- Genre: Talk show Video podcast
- Presented by: Cynthia Loyst; Jessica Allen; Andrea Bain;
- Theme music composer: Nick Fowler
- Country of origin: Canada
- No. of seasons: 13
- No. of episodes: 1,000+

Production
- Production locations: Bell Media Queen Street Toronto, Ontario

Original release
- Network: CTV
- Release: September 2, 2013 – present

= The Social (talk show) =

The Social is a Canadian daytime television talk show, which airs weekday afternoons on CTV and CTV 2. Using a panel format similar to American talk shows such as The View or The Talk, the show is hosted by Andrea Bain and Cynthia Loyst. On Friday editions, Jessica Allen serves as an additional co-host.

The series covers news, lifestyle and entertainment topics, and places a strong emphasis on direct and live interaction with viewers through social media. In August 2026, Bell Media announced the program would be "reimagined" as a video podcast beginning with the fourteenth season, but would continue to air on CTV and Crave.

==History==
The show premiered on September 2, 2013, originally hosted by Melissa Grelo, Elaine Lui, Loyst and Traci Melchor with Allen as a digital correspondent for the show.

Grelo took a maternity leave from the program in spring 2014. A series of celebrity guest hosts appeared during her absence, including Jann Arden, Marilyn Denis, Wendy Crewson, Elisha Cuthbert, Arlene Dickinson, Arielle Kebbel, Emily Procter, Sarah Rafferty and Debbie Travis.

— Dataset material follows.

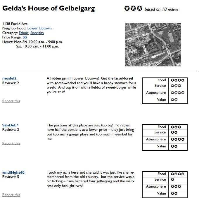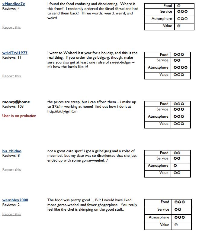 But the program doesn’t have to give up – instead, it can try to work out as much as it can. Various clues can tell a program whether something is a noun or a verb, a person or an inanimate object, etc., and you can even work out more! The following is a webpage where customers have rated their most recent experience at Gelda’s House of Gelbelgarg. Even if you’ve never heard of any of these dishes, you can still figure out some things about them…

Logo used from 2013 to 2019

Melchor took a leave of absence from the show in 2016, with Marci Ien stepping in as a substitute host following the cancellation of Canada AM. Melchor later revealed that she took the leave of absence for mental health reasons, after bursting into uncontrollable tears while preparing for an interview with Lynn Keane, an author who had published a book about her son's suicide, leading Melchor to realize that she had not fully processed her grief over the 2015 death of her friend Chris Hyndman.

Melchor announced in March 2017 that she would not be returning to the program full-time, instead concentrating on her duties with eTalk, although she will occasionally still appear on the show as a substitute host when one of the regulars is away. Ien became a permanent cohost of the program in 2017. She left the program upon her election to the House of Commons of Canada for the federal electoral district of Toronto Centre in 2020.

Lui announced her departure from the program in summer 2023 after ten years, with Andrea Bain announced as her successor.

In August 2026, it was announced that Grelo would be departing the program. With Grelo's departure, Loyst is the only original co-host remaining since the show's beginning in 2013. It was also announced that the show ould switch formats, becoming a video podcast from its fourteenth season, losing its live studio audience. The new format was met with criticism following the season premiere. In an op-ed for the Toronto Star, Leanne Delap wrote "[w]ithout all those people in the room, reacting in real time with murmurs of assent or disagreement or spontaneous applause, we lose a feeling of representation in the conversation, as well as a depth of sound for the viewer at home."

==Controversy==
=== Jess Allen comments on hockey players ===
On November 12, 2019, during a discussion regarding the firing of ice hockey commentator Don Cherry from Hockey Night in Canada, Allen said that she doesn't "worship at the altar of hockey" and found that those who did, in her experience, "all tended to be white boys who weren't, let's say, very nice." Allen also added, "they were not generally thoughtful, they were often bullies." Allen later clarified on Twitter saying, "I never said every white boy, just the ones whose unsavoury behaviour, which didn’t feel very Canadian, I witnessed. Because of this, I am guilty of having conflicted feelings about hockey being so closely linked to our national identity." On November 13, Allen acknowledged that she "struck a nerve with many people." The controversy resulted in social media backlash, including the hashtag #FireJessAllen, and the Canadian Broadcast Standards Council issuing a notice on their website that they had received "a large number of similar complaints" and that "no further complaints will be accepted by the CBSC on this issue." On November 14, CTV issued a statement apologizing to "everyone who was offended by the remarks,". However, they wouldn't restrict their hosts from "offering their opinions on an opinion show," but they will "always listen to viewers when they offer theirs." Allen also issued an apology saying she was only speaking about hockey players she knew personally, and that Don Cherry reminded her of them; however, she couldn't "apologize to the very specific hockey players" she was originally referring to.

==International broadcasts==
The series began airing in syndication in the United States through PPI Releasing and Sony Pictures Television via selective markets since September 2015, although a few stations had started airing the show during a test run prior to the push to expand it in more American television markets. It had been targeted for a soft 2014 US launch but was held back in order to give the show enough time to find its footing.